Exercise goal → Each line of the data must be given back verbatim, with pictures removed.
***** Dataset *****
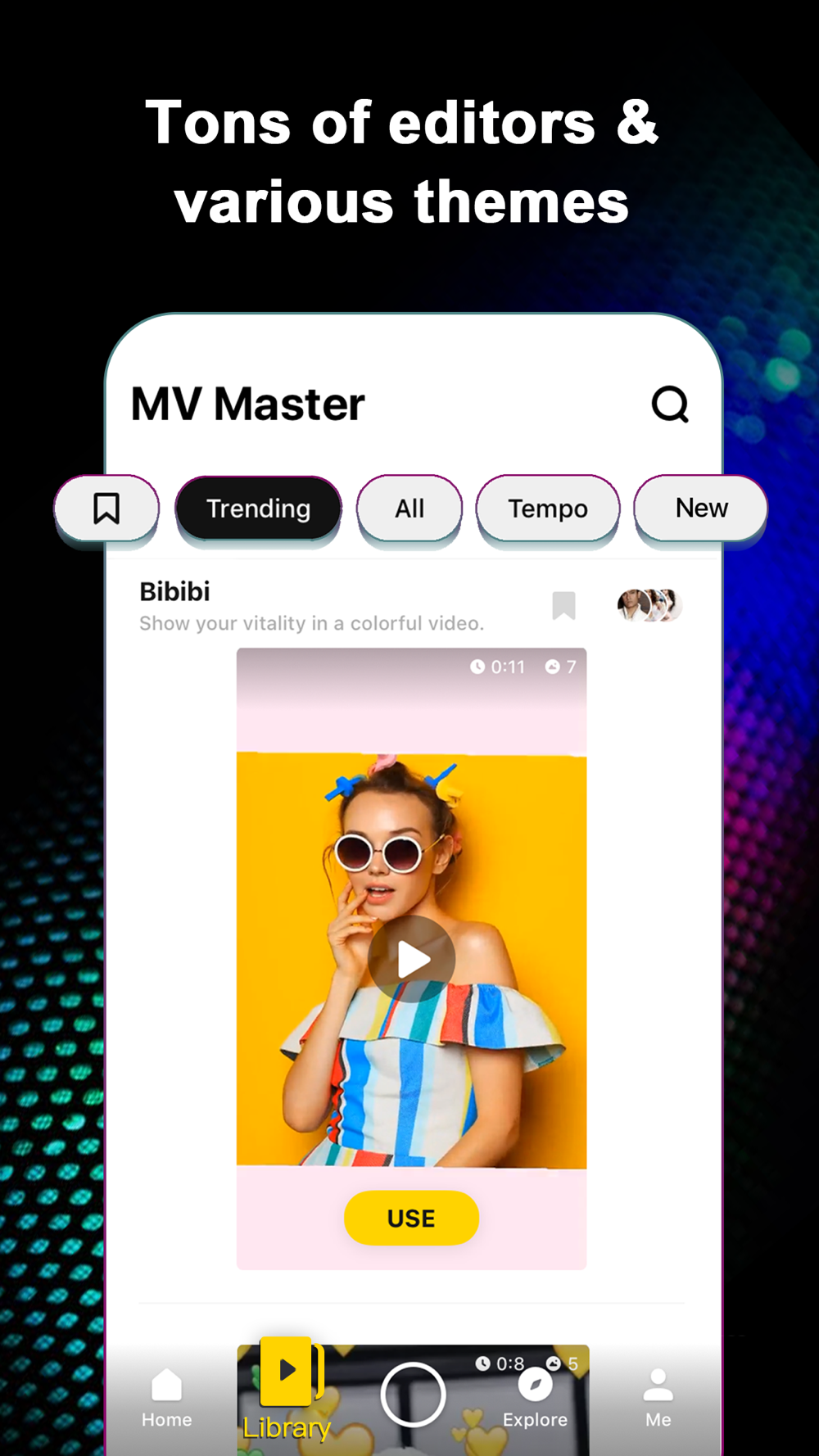 There will be a super fun community on the Explore page full of interesting and funny people ALL OVER THE WORLD! You can see their created videos, follow them, give likes and comments, and chat with them and make friends.
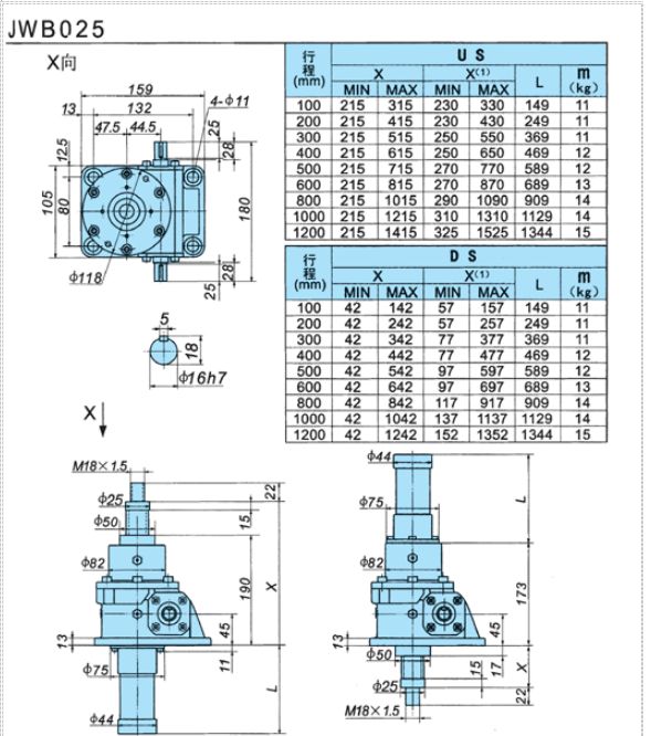 JWB型(普通滾珠絲桿型),適用于高速,高頻率和高性能的裝置中,主要構(gòu)成部件為精密滾珠絲桿副與高精度蝸輪蝸桿副。
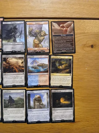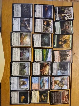 Carte di Magic: The Gathering, ambientate nell'universo de Il Signore degli Anelli. 21 carte commander tra cui token In inglese mai usate - Fred the Swarms - Field of Ruin - Ask Barrens - Lochirion Blade - Banishing Light - Grapple with the Past - Pack to Exile - Mind Stone - Sulfur Falls - Goblins Ecc.
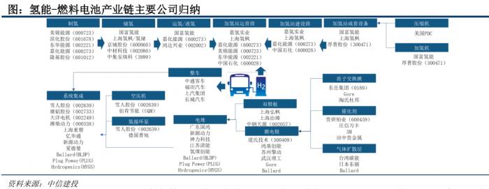 中信建投:在产业发展仍处于导入期,竞争格局远未明朗的当下,产业链中两部分环节重要性相对更高:具备资源优势,可以降低氢价的氢源供给标的(风光发电、化工企业为主);具有技术优势,在技术门槛最高、成本绝对值和成本下降空间最大的膜电极- 电堆-氢发动机系统集成领域、高压氢气瓶领域和氢气加注设备领域,具有竞争力的氢能应用、储存标的。
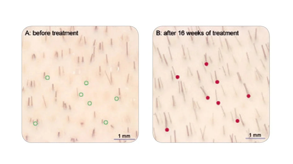 Follicusan™ DP stimulates the functionality of the dermal papilla cells at the base of the hair follicles, thus counteracting premature hair loss. It increases the number of anagen hair follicles (growth stage) and decreases that of telogen hair follicles (resting stage). Hair density as well as cumulative hair thickness is increased.
*****
Solution for this task →
 There will be a super fun community on the Explore page full of interesting and funny people ALL OVER THE WORLD! You can see their created videos, follow them, give likes and comments, and chat with them and make friends.
 JWB型(普通滾珠絲桿型),適用于高速,高頻率和高性能的裝置中,主要構(gòu)成部件為精密滾珠絲桿副與高精度蝸輪蝸桿副。
 Carte di Magic: The Gathering, ambientate nell'universo de Il Signore degli Anelli. 21 carte commander tra cui token In inglese mai usate - Fred the Swarms - Field of Ruin - Ask Barrens - Lochirion Blade - Banishing Light - Grapple with the Past - Pack to Exile - Mind Stone - Sulfur Falls - Goblins Ecc.
 中信建投:在产业发展仍处于导入期,竞争格局远未明朗的当下,产业链中两部分环节重要性相对更高:具备资源优势,可以降低氢价的氢源供给标的(风光发电、化工企业为主);具有技术优势,在技术门槛最高、成本绝对值和成本下降空间最大的膜电极- 电堆-氢发动机系统集成领域、高压氢气瓶领域和氢气加注设备领域,具有竞争力的氢能应用、储存标的。
 Follicusan™ DP stimulates the functionality of the dermal papilla cells at the base of the hair follicles, thus counteracting premature hair loss. It increases the number of anagen hair follicles (growth stage) and decreases that of telogen hair follicles (resting stage). Hair density as well as cumulative hair thickness is increased.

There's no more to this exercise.